## Source material

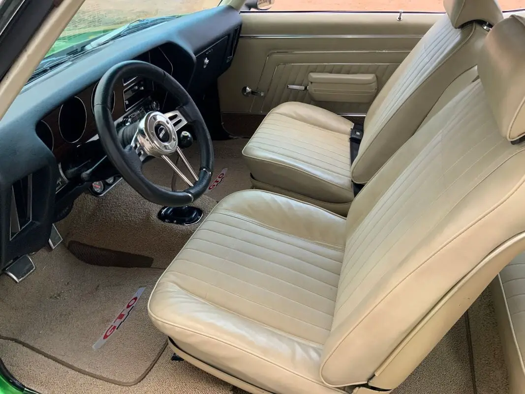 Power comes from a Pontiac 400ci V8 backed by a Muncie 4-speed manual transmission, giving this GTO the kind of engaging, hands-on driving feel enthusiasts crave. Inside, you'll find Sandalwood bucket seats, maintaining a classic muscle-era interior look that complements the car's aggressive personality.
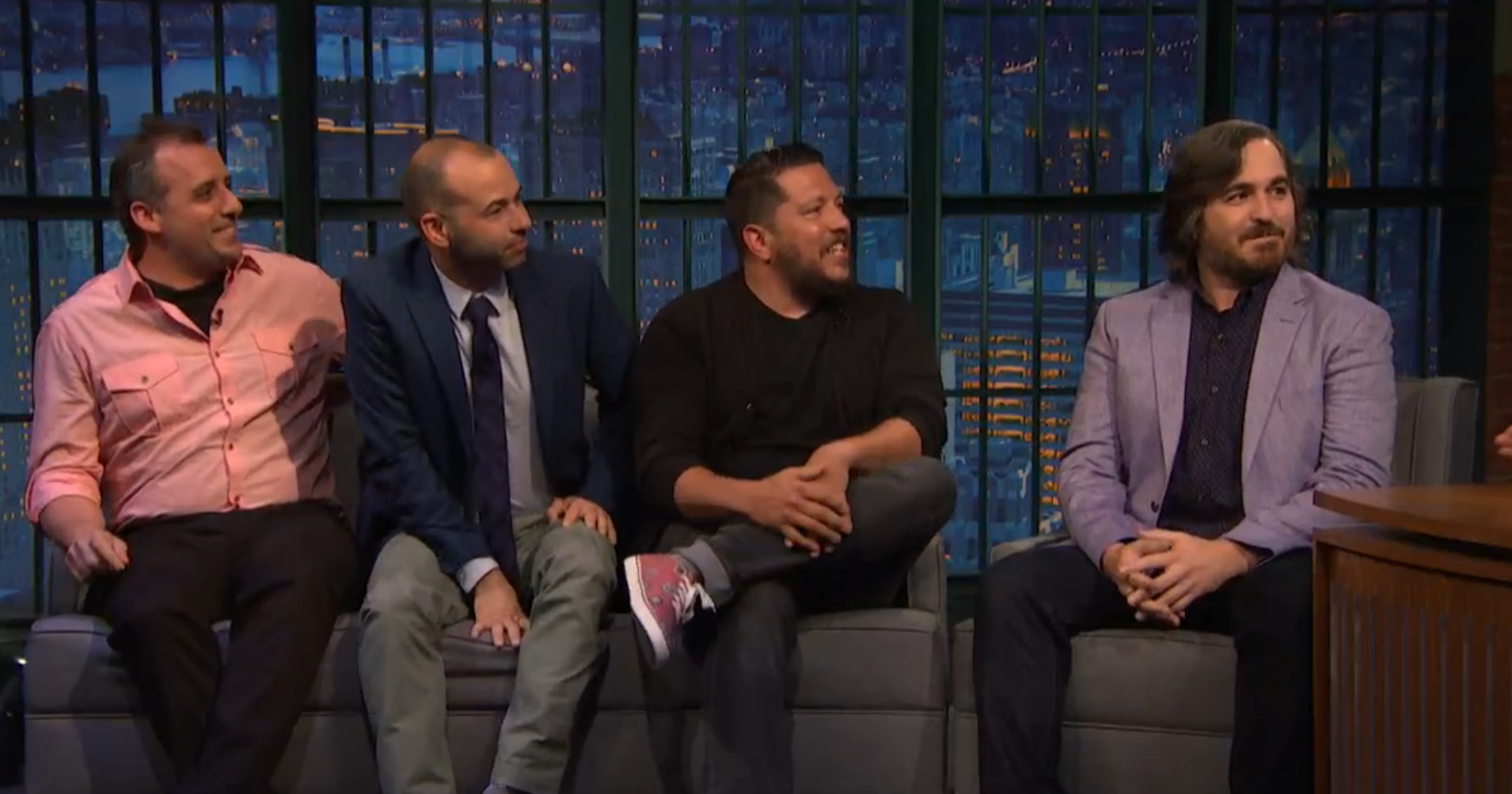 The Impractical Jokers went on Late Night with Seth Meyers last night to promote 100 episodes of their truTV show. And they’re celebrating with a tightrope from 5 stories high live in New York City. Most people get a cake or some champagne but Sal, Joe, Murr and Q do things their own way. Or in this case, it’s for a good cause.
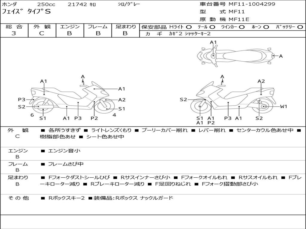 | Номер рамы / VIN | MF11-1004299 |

## What you have to do
Set the listing down in full and exactly. Pictures within it should not appear in the copy.

## Task result
 Power comes from a Pontiac 400ci V8 backed by a Muncie 4-speed manual transmission, giving this GTO the kind of engaging, hands-on driving feel enthusiasts crave. Inside, you'll find Sandalwood bucket seats, maintaining a classic muscle-era interior look that complements the car's aggressive personality.
 The Impractical Jokers went on Late Night with Seth Meyers last night to promote 100 episodes of their truTV show. And they’re celebrating with a tightrope from 5 stories high live in New York City. Most people get a cake or some champagne but Sal, Joe, Murr and Q do things their own way. Or in this case, it’s for a good cause.
 | Номер рамы / VIN | MF11-1004299 |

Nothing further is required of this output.